======== PROVIDED ENTRIES

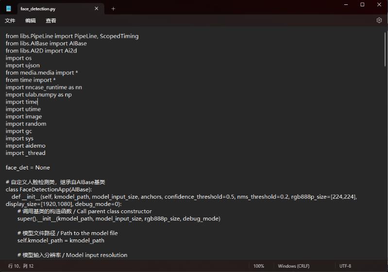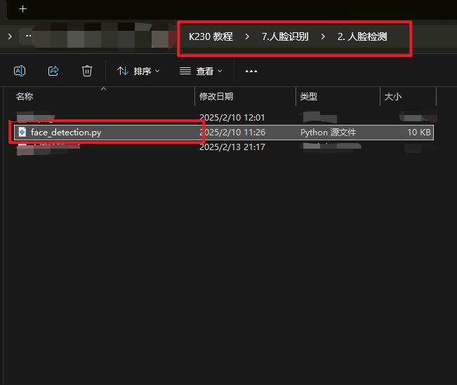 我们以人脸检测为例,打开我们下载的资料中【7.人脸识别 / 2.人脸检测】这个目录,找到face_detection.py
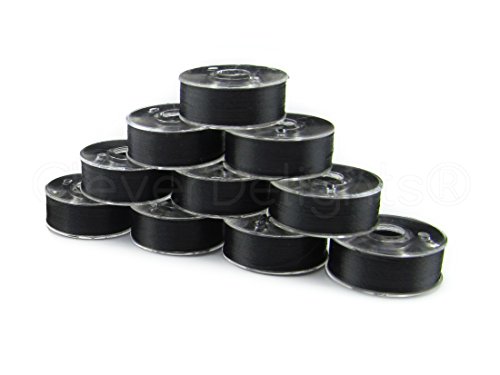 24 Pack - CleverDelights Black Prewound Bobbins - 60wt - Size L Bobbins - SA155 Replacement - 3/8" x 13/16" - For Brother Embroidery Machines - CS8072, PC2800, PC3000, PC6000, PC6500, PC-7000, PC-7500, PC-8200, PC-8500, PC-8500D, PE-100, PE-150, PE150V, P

================
======== PROVIDED ENTRIES

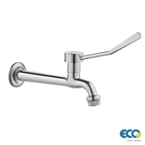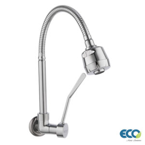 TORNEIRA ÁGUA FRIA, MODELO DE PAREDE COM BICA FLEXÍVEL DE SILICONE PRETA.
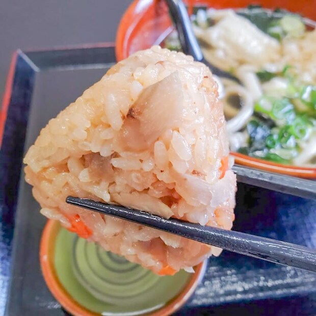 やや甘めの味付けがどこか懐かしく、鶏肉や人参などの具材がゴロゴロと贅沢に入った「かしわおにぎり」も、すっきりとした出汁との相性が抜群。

================

[TO DO] Give back exactly the lines of the listing above from the one that contains "TORNEIRA ÁGUA FRIA, MODELO" up to and including the one that contains "やや甘めの味付けがどこか懐か", but not the pictures, and no other lines.

[SOLUTION TO THIS PROBLEM]
 TORNEIRA ÁGUA FRIA, MODELO DE PAREDE COM BICA FLEXÍVEL DE SILICONE PRETA.
 やや甘めの味付けがどこか懐かしく、鶏肉や人参などの具材がゴロゴロと贅沢に入った「かしわおにぎり」も、すっきりとした出汁との相性が抜群。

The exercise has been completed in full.